Do you Actually Need a Fire-Rated Gun Safe?
To answer this question, it helps to first answer a few other questions.
What is the response time for your fire department?
If you live in a city with a paid full time fire department, the response time is probably under 5 minutes. A small town with a volunteer force is 8-15 minutes.
Is fire an actual risk to consider?
100 years ago fire was a real risk. But today the odds of a fire in a modern home is very small. Of houses that experience a fire, almost 70% occur in the kitchen and are confined to a pot or the oven. The odds of a home burning to the ground are extremely low.
In today’s gun safe market, fire-resistance is a ubiquitous marketing tool companies use to sell their gun safes. It’s meant to make customers feel good that in case of a fire their safe would protect their firearms or valuables. The truth is most of these safes would fail miserably in a real fire. Actual data suggests that whether your guns survive a fire has more to do with the nuance of how the fire burns then in the type of container they are stored. How did fire ratings become a false badge of merit?
History of the Fire-Resistant Gun Safe
In the early-mid 19th century fire was a serious problem. In fact, one of the patents for the first fire safe was destroyed in a fire. Back then they were made out of doubled walled steel filled with plaster of paris, and then cement, as the plaster caused water damage. In both cases, during a fire, the water in the poured fillings would soak up massive amounts of heat energy from the fire, and fill the safe as steam — protecting the contents from a fire.

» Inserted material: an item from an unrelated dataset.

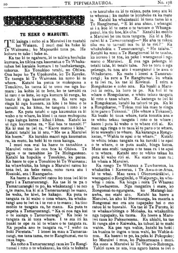 10 TE PIPIWHARAUROA. No.178 TE HEKE O MARUIWI. TE kainga i noho ai a Marui wi i te tuatahi kei Waiaua. I muri mai ka heke ki Te Waimana; ko Mapouriki tona pa. He kohuru te take i heke ai. Ka tae ki te ngahuru, ki te takiwa hauhake kumara, ka tikina nga kaumatua o Te Whaka- tohea hei karakia kumara i te hauhaketanga, tokorua. Ko Tonukino tetahi, no Ohiwa. Ona hapu ko Te Upokorehe, ko Te Kareke. Te taenga ki Te Waimana ka tomo ki te whare. Katahi ka patua te mokopuna a Tonukino, ka taona ki te umu me nga ku- mara; ka kohia ki te kete, ko te tamaiti ra ki raro o te kete, ko nga kumara ki runga, ka hoatu ki nga kaumatua ra. Ka rere nga ringa ki nga kumara, ka kite i te hinu o te tamaiti ra, ka kitea, he tangata i roto i te kete. Ka puta tetahi o nga kaumatua ra ki waho o te whare, ka kimi i ta raua mokopuna i nga kainga katoa kihai i kitea. Katahi ka ui nga kaumatua ra, " Kei hea te tamaiti?" Ka ki mai te iwi ra, " Kaore matou i kite." Katahi tetahi ka ki atu, "Me ue a Maruiwi kia haere." Ka karakia maori nga kaumatua ra, ka mutu, ka hoki ki to raua kainga. I muri noa mai ka haere te tamahine a Maruiwi ratou ko ona hoa ki Ohiwa. Te ingoa o te tamahine ko Te Huingaoteao. Katahi ka hopukia e Tonukino, ka patua. Ka haere te ope a Tonukino ki Te Waimana; ka whawhaitia, ka hinga a Maruiwi ratou ko tona iwi, ka heke ratou, noho rawa atu i Ruatoki, ara i Raungaehe. Ka haere a Maruiwi ratou ko tona iwi ki te patu i a Tamaruarangi. Ka tae ki te pa o Tamaruarangi te po, ka whakatangi i te reo o te manu, kia ki ai a Tamaruarangi he manu, he weka, he kiwi, he kakapo. Ka puta te tangata ra ki waho o tona whare, ka whaka- tangi ano te iwi ra i te reo o te manu ka tino mohio te tangata ra, he manu. Ka puta te pepeha a Tamaruarangi, " Ka oi noa nga kai o te kainga o Tamaruarangi." Ka hoki te tangata ra ki tona whare. I te ata iti ka huaki te ope ra ki te whare o te tangata ra. Ka pepeha ano te tangata ra, "I waho na hoki Paretata." I konei ka mau a Tamarua- rangi, me tana tama, me te Rangitumai, me to raua hapu. Ka noho a Tamaruarangi raua ko Te Rangi- tumai i roto o te whakarau, ka titia te. kakahu o te koroheke ra ki te rakau, puta tonu atu ki te whenua ka mohio te koroheke ra ka mate ia. Katahi ka whakatauki ki tana tama ki a Te Rangitumai, " E ki ana ahau, i whangai ai i a koe ki te nene o te tamure o Whanga- panui, kia tiu koe, kia oha." Katahi ka mohio a Maruiwi he toa taua tangata. Ka ki a Ma- ruiwi ki a Tamaruarangi—" He aha te rakau tika ma to tamaiti ina tu ki te riri?" Ka whakahokia e Tamaruarangi, " He taiaha." Katahi ka mau a Te Rangitumai ki te taiaha, ka korero i te toa, ka peke i waenganui i nga mano o Maruiwi. E rua nga pekenga ki tetahi taha, ki tetahi taha. No te toru o nga pekenga, tu noa atu i waenganui i te awa o Whakatane. Ka mate i konei a Tamarua- rangi; ka rere a Te Rangitumai, ka whaia e te iwi ra, ka tae ki Kiwinui. I reira a Rongokarae e noho ana. Ka huaki a Maru- iwi ki reira, ka horo te pa. Ka hui ki te whare o Rongokarae, e whitu tekau tangata ki roto o taua whare. Ka karanga te iwi ki a Rongokarae, katahi ka tahuri te pa. Ka ki a Rongokarae, " Tukua mai kia mau te ringa ki te paru o Tokanui." (He whare a Tokanui). Ka huaki ki taua whare, turia tonutia ana e te whitu tekau tangata i roto o te whare kaore i puta ki waho o te whare riri ai. Ka mau nga ringa o te taua ki te paru o te whare, ki te wawahi i te whare. Ka karanga a Rongo- karae, " Wahia te apai o te whare." Katahi te whitu tekau tangata ra ka turaki i te apai o te whare, o te puta auahi, hinga katoa. Mate ana etahi tangata o te taua ra i te apai o te whare. Katahi ano te whitu tekau ka puta ki waho riri ai. Ka mate te taua ra; ka whaia a Maruiwi. Ka rongo Te Whanau a Tuwharetoa, ka whakatika i Kawerua, i Te Awa-o-te-Atua, ki te whai. Mau rawa i Okoromatakiwi, i waenganui o Rangitaiki, o Waipunga, ka wha- whai i reira. Ka hinga i reira Te Whanau a Tuwharetoa. Nga rangatira i mate, ko Rongomai-te-ngangana, ko Matangi-kai- awha, me etahi atu. Katahi ka haere a Maruiwi, ka ahu ki Heretaunga, ka mauria a Rongomai me era atu tupapaku hei o mo ratou ki te huarahi. Ka tae ki Te Purotu, ki te whakawhitinga o Mohaka, ka whakatihia nga tupapaku, ka taona. Ka haere a Maru- iwi raua ko Pakaumoana. Ka ahiahi, ka tae ki runga ake o Kaiwaka, ka tahuri ki te mahi wahie. Ka pae nga wahie, katahi ka hoki ka huaina te ingoa o taua wahi, ko Wahie-a- noa. Ka haere i te po, ka peka ki Pokopoko ko Maruiwi i mua, ko Pakaumoana i muri. Ka mate a Maruiwi ki Te Waro-'o-Rehunga. Takiri rawa te ata, kua ngaro katoa te iwi o

Today gun safes are made with a single layer of thin steel and drywall. The Fire rating on the sticker on the door is meaningless in a real fire. Gun safe manufacturers tell you their safes are certified and tested for fire tolerance. What they don’t say is that they control the process without any oversight. They design their own fire test – a test they know they can pass. Then they pass it and claim “fire certified”. Sometimes they hire an outside company to do the test and say “independently certified”. The testing firms are for-profit companies, paid to administer a test designed by the safe manufacturer. These tests are typically the safe in a oven and temp turned up to 1200 degrees or so. In a real fire air can be moving in excess of 60MPH and temperatures can go well beyond 1200 degrees. The convective nature of a real fire cooks the contents of these safes in minutes.
Some people might say, “Well, something is better than nothing.” That’s not true. In this case the drywall being used is ineffective and can actually damage your firearms. The materials used in imported drywall are corrosive to your firearms and ammo — this is something we discuss in depth in our corrosion article.
Unless it has some type of poured filling, don’t count on it protecting your guns in a fire.